-- WHAT IS BEING ASKED --
In the entries below, find the line with "centrini metallici. |" and the line with "March 25th, 2020". Print those two and everything between them exactly, and nothing else.

-- PROVIDED ENTRIES --
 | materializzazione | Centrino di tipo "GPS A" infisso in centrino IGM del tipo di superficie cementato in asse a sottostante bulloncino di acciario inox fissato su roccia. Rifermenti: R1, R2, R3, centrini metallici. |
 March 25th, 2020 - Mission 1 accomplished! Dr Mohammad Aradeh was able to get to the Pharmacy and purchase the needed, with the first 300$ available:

* * *

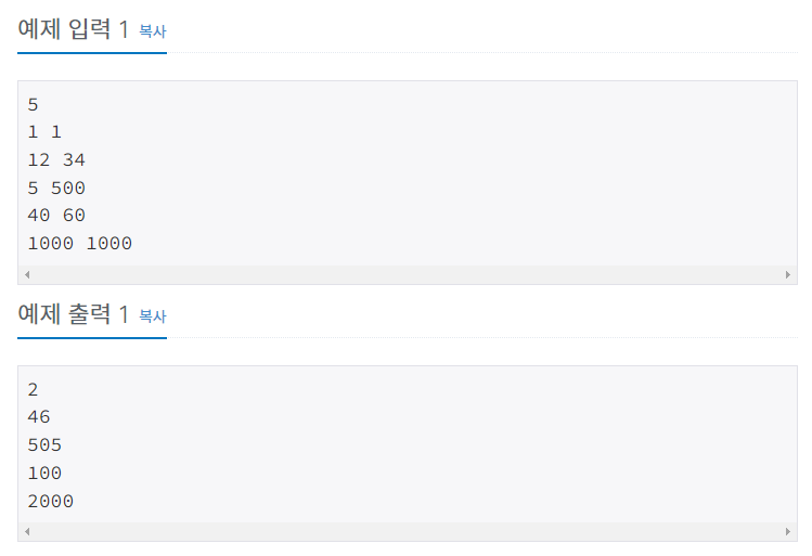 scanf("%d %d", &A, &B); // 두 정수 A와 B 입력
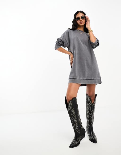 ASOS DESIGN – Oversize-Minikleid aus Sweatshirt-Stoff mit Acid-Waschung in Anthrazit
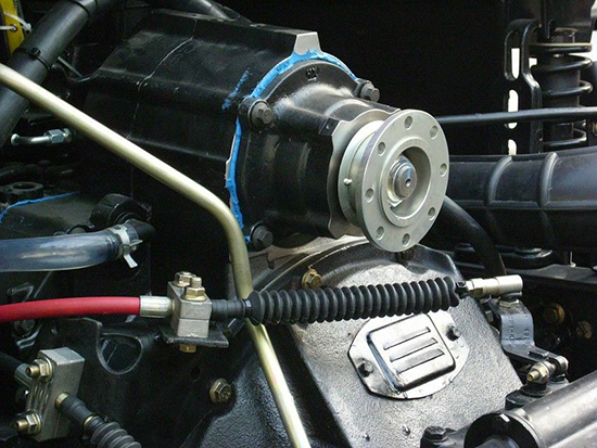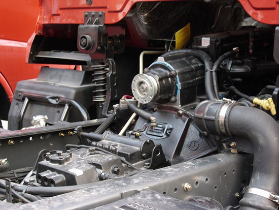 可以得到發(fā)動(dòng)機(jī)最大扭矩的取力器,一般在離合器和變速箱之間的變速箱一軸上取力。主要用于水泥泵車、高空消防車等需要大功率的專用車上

...

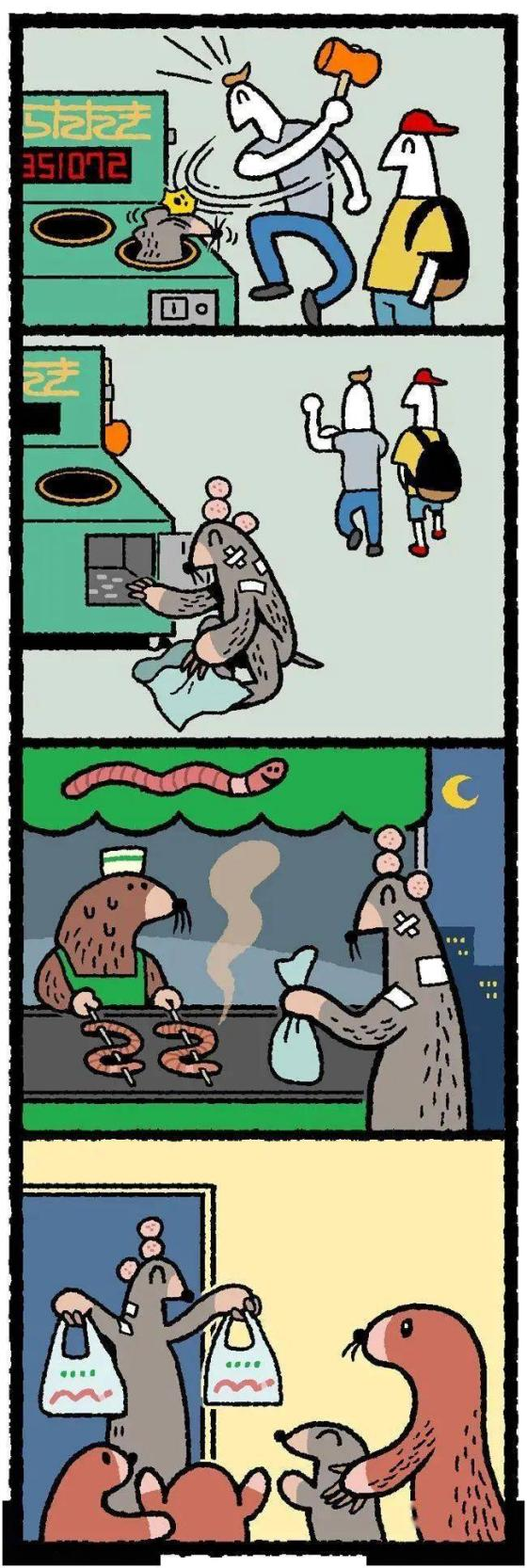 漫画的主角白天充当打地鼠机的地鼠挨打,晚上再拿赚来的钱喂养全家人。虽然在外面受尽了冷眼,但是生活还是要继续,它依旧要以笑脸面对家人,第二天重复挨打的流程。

-- OUTPUT OF THE TASK --
 | materializzazione | Centrino di tipo "GPS A" infisso in centrino IGM del tipo di superficie cementato in asse a sottostante bulloncino di acciario inox fissato su roccia. Rifermenti: R1, R2, R3, centrini metallici. |
 March 25th, 2020 - Mission 1 accomplished! Dr Mohammad Aradeh was able to get to the Pharmacy and purchase the needed, with the first 300$ available:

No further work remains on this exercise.